__Input records__:
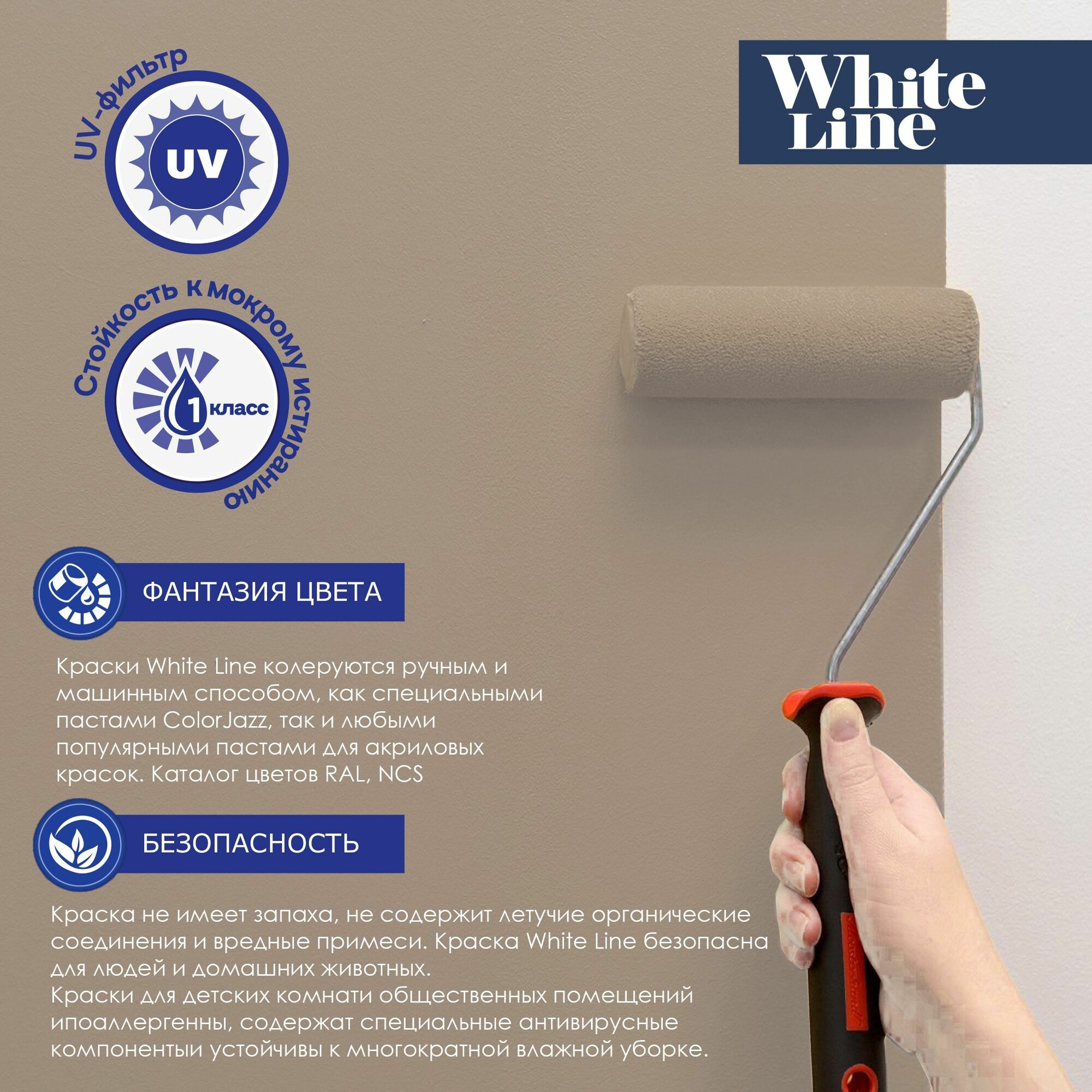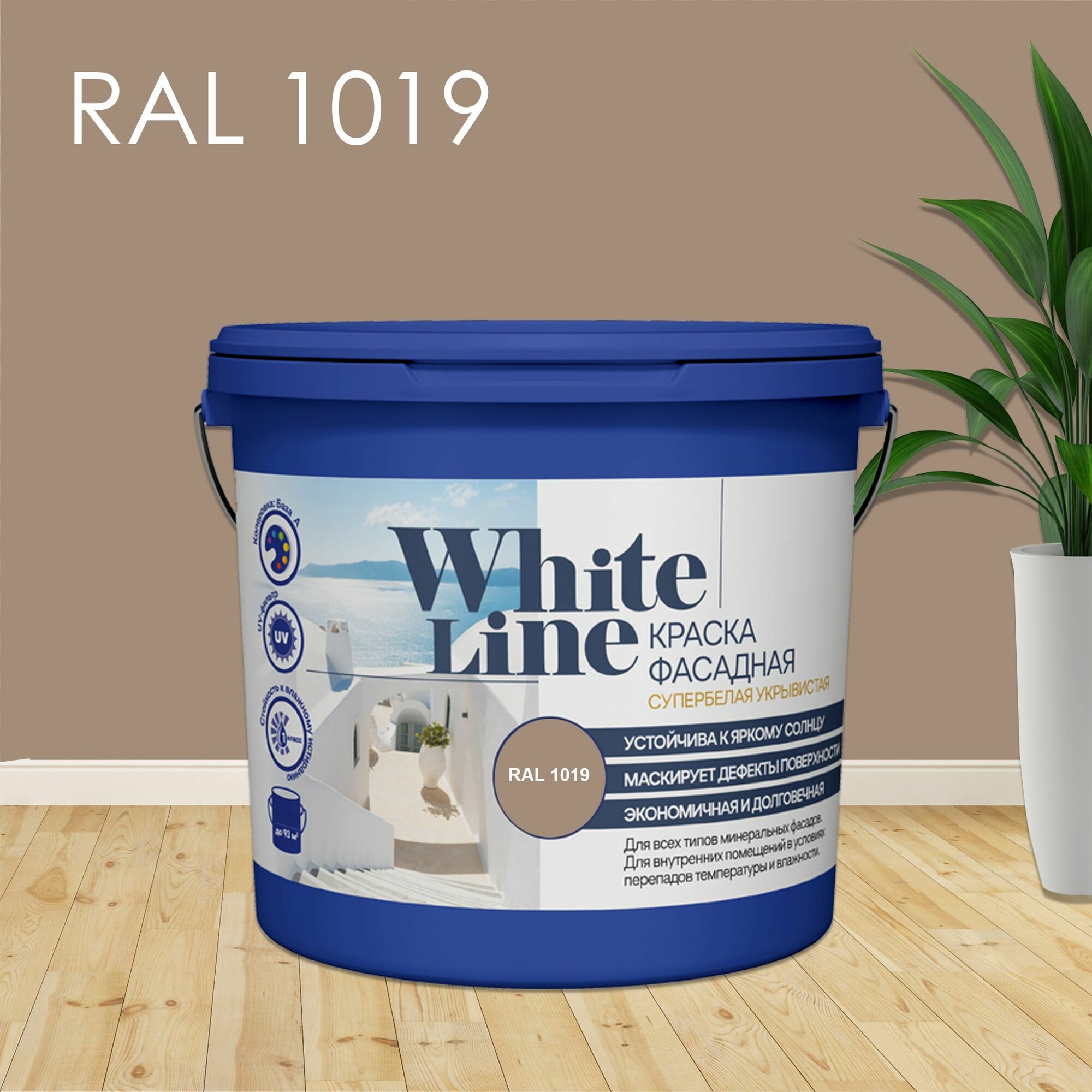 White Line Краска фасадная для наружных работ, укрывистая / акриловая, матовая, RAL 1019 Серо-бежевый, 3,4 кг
---
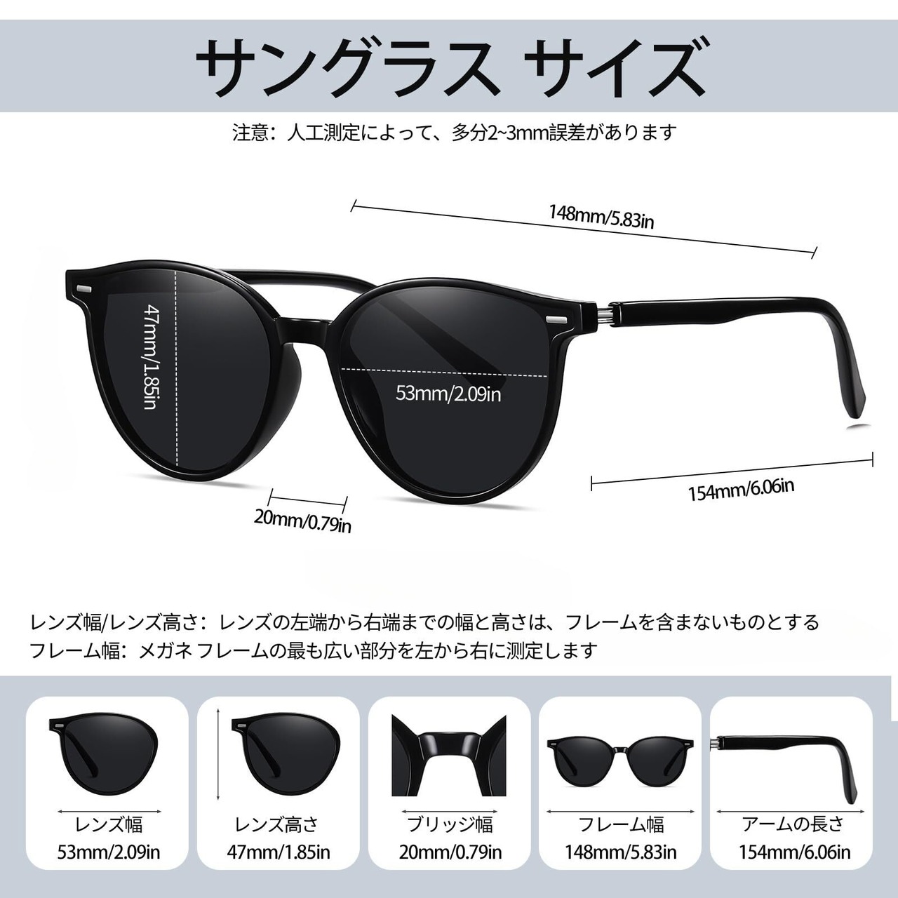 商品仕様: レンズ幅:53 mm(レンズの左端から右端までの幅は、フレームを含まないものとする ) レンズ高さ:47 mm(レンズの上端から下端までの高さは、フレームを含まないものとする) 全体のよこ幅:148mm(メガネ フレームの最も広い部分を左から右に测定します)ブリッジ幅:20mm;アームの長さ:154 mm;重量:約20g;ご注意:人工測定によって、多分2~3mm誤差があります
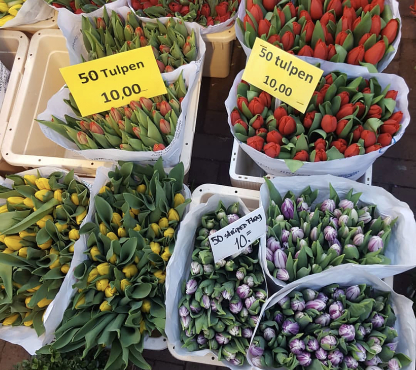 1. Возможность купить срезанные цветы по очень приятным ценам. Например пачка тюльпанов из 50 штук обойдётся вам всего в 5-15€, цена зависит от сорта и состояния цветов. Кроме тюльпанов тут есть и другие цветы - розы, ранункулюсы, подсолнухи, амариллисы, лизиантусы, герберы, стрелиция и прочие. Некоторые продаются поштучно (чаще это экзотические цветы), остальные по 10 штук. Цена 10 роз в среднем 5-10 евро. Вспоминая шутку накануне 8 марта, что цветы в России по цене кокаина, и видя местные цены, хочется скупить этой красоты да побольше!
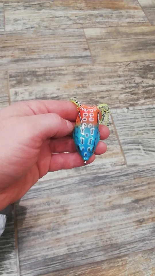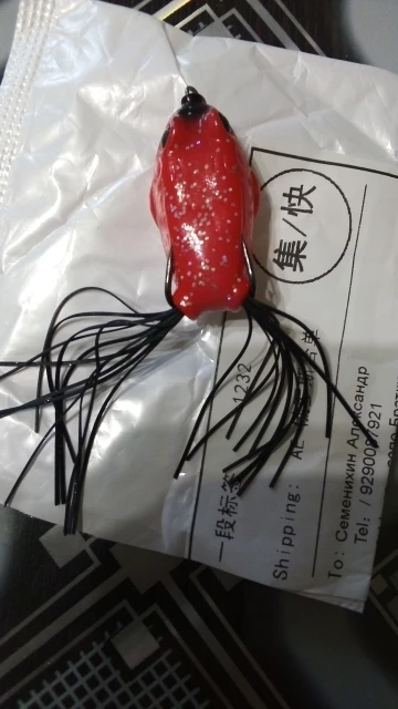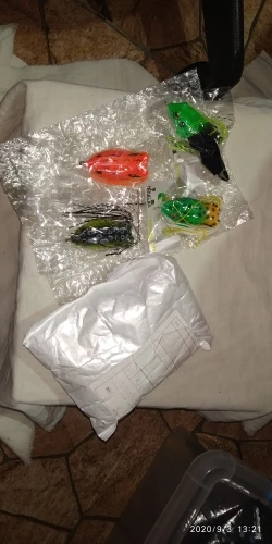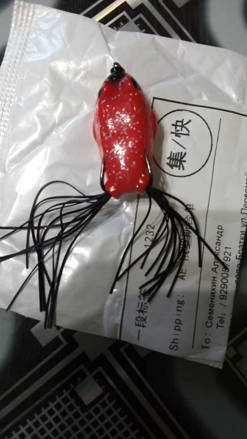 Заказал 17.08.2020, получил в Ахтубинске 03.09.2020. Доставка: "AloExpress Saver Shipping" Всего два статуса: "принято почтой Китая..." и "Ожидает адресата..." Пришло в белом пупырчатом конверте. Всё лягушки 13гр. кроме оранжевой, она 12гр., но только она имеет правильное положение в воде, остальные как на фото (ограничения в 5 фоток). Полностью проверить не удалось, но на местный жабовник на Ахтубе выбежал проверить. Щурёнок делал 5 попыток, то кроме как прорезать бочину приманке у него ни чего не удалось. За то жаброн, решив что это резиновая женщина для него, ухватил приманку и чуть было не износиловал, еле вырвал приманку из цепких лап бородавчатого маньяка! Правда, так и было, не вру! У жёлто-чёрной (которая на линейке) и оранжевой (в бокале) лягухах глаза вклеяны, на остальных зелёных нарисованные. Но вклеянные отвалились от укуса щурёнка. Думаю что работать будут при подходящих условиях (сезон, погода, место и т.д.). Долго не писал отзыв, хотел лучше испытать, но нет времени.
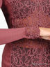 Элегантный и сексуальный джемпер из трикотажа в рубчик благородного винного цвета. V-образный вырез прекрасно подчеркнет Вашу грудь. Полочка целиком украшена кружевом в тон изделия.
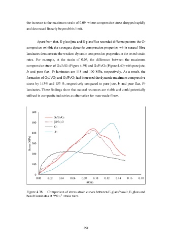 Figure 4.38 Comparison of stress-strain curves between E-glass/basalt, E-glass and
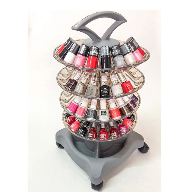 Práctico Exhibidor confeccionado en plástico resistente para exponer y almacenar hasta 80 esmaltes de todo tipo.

__Instructions for the task__: Using the data above, retype exactly the lines from the line with "Figure 4.38 Comparison" to the line with "Práctico Exhibidor confeccionado", inclusive. No pictures and nothing else.

__Answer for this exercise__:
 Figure 4.38 Comparison of stress-strain curves between E-glass/basalt, E-glass and
 Práctico Exhibidor confeccionado en plástico resistente para exponer y almacenar hasta 80 esmaltes de todo tipo.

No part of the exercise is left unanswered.